The good thing about rubbing alcohol is that it’s cheap and it kills both the bed bugs and their eggs. It also has a smell that bed bugs don’t like. Simply spray it in bed bug prone areas. Despite the ease and convenience of using this method, you shouldn’t rely on it as your only form of bed bug control if you have a serious infestation.

8. Pepper Powder

If you look online for scents that repel bed bugs, chances are that you will find pepper powder amongst the remedy options. The pepper powder that is commonly mentioned is cayenne pepper and not black pepper. While this method does work to some extent, there are a few downsides you need to be aware of.

Since you would be sprinkling this powder in and around your bed, breathing in the pepper powder or getting it in your eyes is something you definitely want to avoid. Also, you would not want your children or pets getting into it.

Homeowners like using pepper powder because bed bugs hate the scent and it can even kill their eggs. But it’s worth pointing out that there are other eco-friendly options that do the same thing but are safer to use.

9. Diatomaceous Earth

What do the remains of tiny, ancient aquatic creatures have to do with bed bug control? Diatomaceous earth, made from the fossilized bodies of tiny creatures called diatoms, is often used as a bed bug repellent.

The theory behind using diatomaceous earth is that the fossils have very fine, sharp edges that make cuts in the exoskeleton of the bed bugs. Eventually they will die from dehydration. That’s the idea anyway, and it works sometimes and sometimes not. Be aware that diatomaceous earth only kills adults, and the bed bugs need to be in direct contact with it.

Some pest control experts say that it has a subtle scent that keeps bed bugs away, but most of the value comes from direct application. Treat its potential smell as more of a bonus (don’t smell it yourself though).

Using diatomaceous earth is as effective as your placement. If you don’t sprinkle it in the right area then it won’t work, but if you place it where bed bugs are passing through then you’ll be quite happy with the results.

Quick Tip: If you decide to use diatomaceous earth, simply spread it in infested areas. Cleaning it up can be a little bit challenging since it can clog vacuum cleaners, so sweep up as much as you can first.

10. Spearmint Oil

Spearmint oil is similar to peppermint oil in that it contains menthol, and it has a smell that keeps bed bugs away.
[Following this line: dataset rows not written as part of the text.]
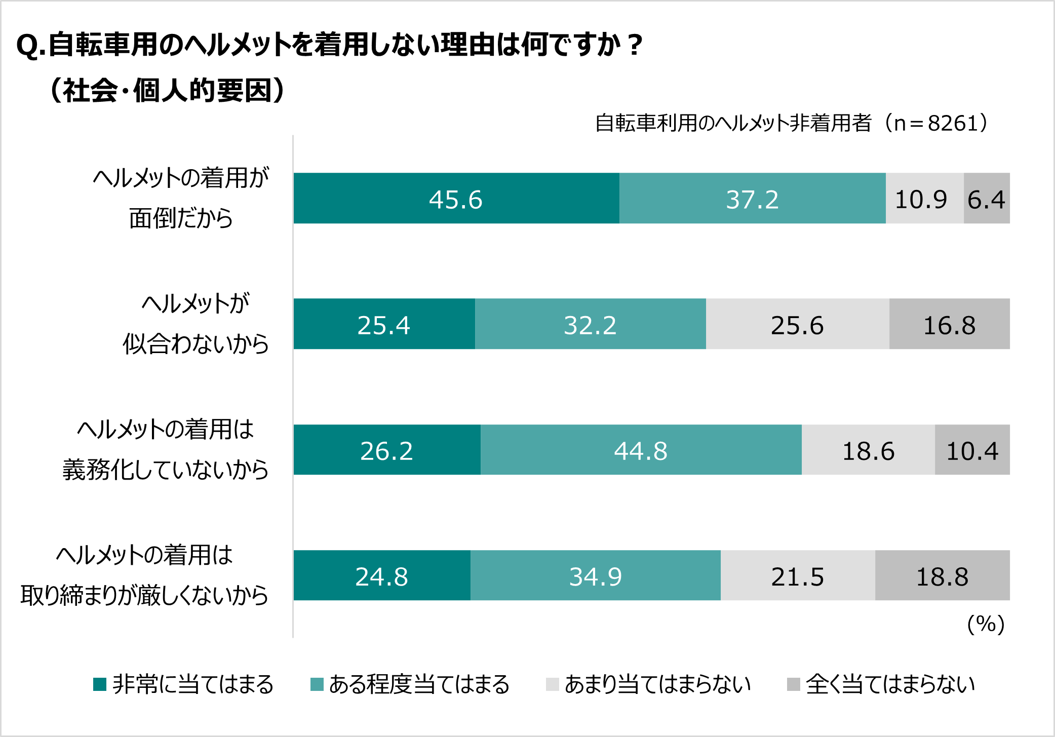 自転車乗用中にヘルメットを着用しない理由は、「ヘルメットの着用が面倒だから」(82.8%)が一番高く、「似合わない」(57.6%)を上回った。ヘルメットの準備や保管場所、持ち運びといった煩わしさがヘルメット着用を妨げる大きな原因の一つのようだ。
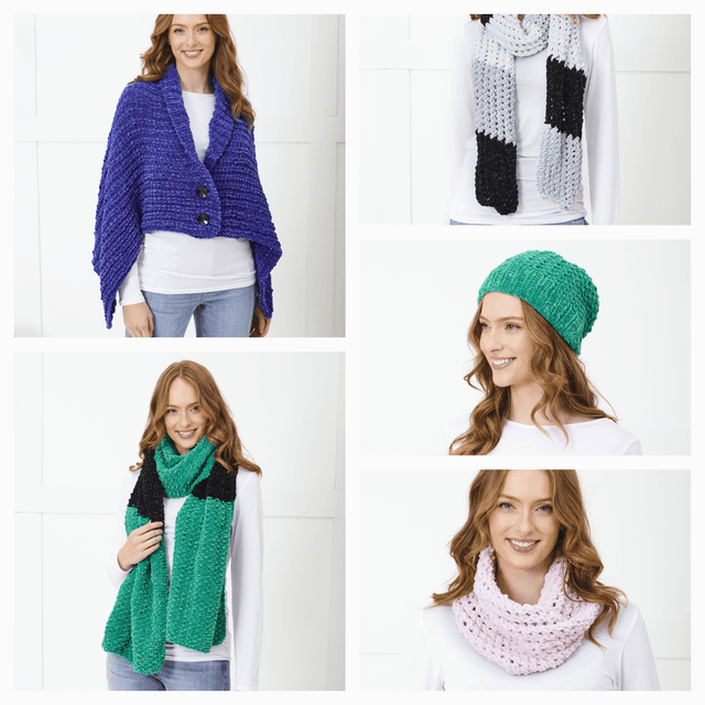 King Cole Yummy Glitz Chunky Scarves, Cowl, Shrug Wrap and Hat Knitting Pattern 6396 - Printed pattern in the post is backordered and will ship as soon as it is back in stock.
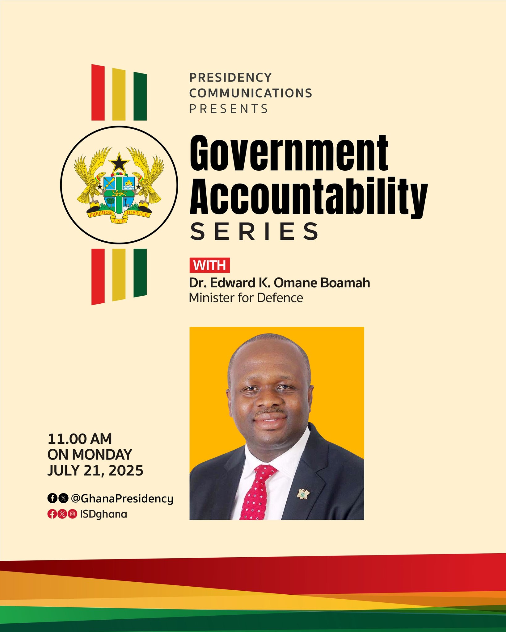 The address, part of the Government Accountability Series, will focus on recent developments within the security sector, touching on both internal and external matters. Dr. Omane Boamah will also present a comprehensive report on the performance of the Defence Ministry, outlining ongoing efforts to safeguard national stability.
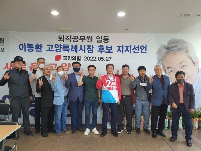 이날 이동환 후보 지지선언에는 이태윤 전 고양시 도시주택국장을 비롯해 김운용 전 고양시 푸른도시사업소장, 신승일 전 고양시 시민안전주택국장, 황경호 전 고양시 도시계획과장(4급직) 등 전직 공무원 25명이 참여했다.
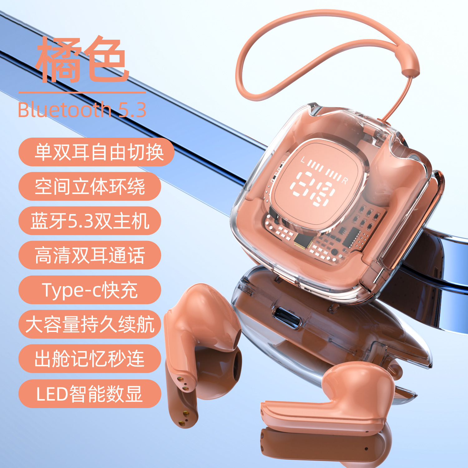 跨境新款 F11无线蓝牙耳机5.3带数显半透明多彩TWS低延迟运动耳机
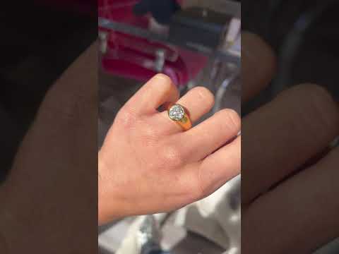 A chunky monkey of an old mine cut diamond sitting in an equally chunky, high karat half bezel setting! Combining our favorite aspects of both bezel and flush-set gold and diamond rings, we know this 3.39ct deserved something as sumptuous and perfect as 22kt. She wears beautifully buttery, and will certainly age and patina in the best way as time passes. The center stone has rustic facets with big rainbow flashes and delicious kozibe effect.

The difference between the two is basically the amount of menthol they contain. Spearmint oil has about one percent menthol while peppermint has around 40 percent.

Using this scent to repel bed bugs is simple, just apply it the same way you would for peppermint oil. Like with peppermint oil, using spearmint oil is not a true answer to a bed bug issue. But bed bugs hate the smell, so it definitely won’t hurt!

11. Blood Orange Oil

Out of many of the many scents that keep bed bugs away, blood orange oil seems to be one of the most effective. However, keep in mind that bed bugs have to be sprayed directly in order for it to repel them. This can be a tedious and frustrating task that will need to be constantly repeated.

If you only want to repel the bed bugs with this smell, then you can create a solution of blood orange essential oil and distilled water. Mist every spot that you think may be harboring bed bugs.


As you can see, there are scents that keep bed bugs away. But you need to know how to use them correctly.

We recommend picking one or two of your favorite smells that bed bugs hate from the list and starting there. You’ll be shocked at the difference they can make!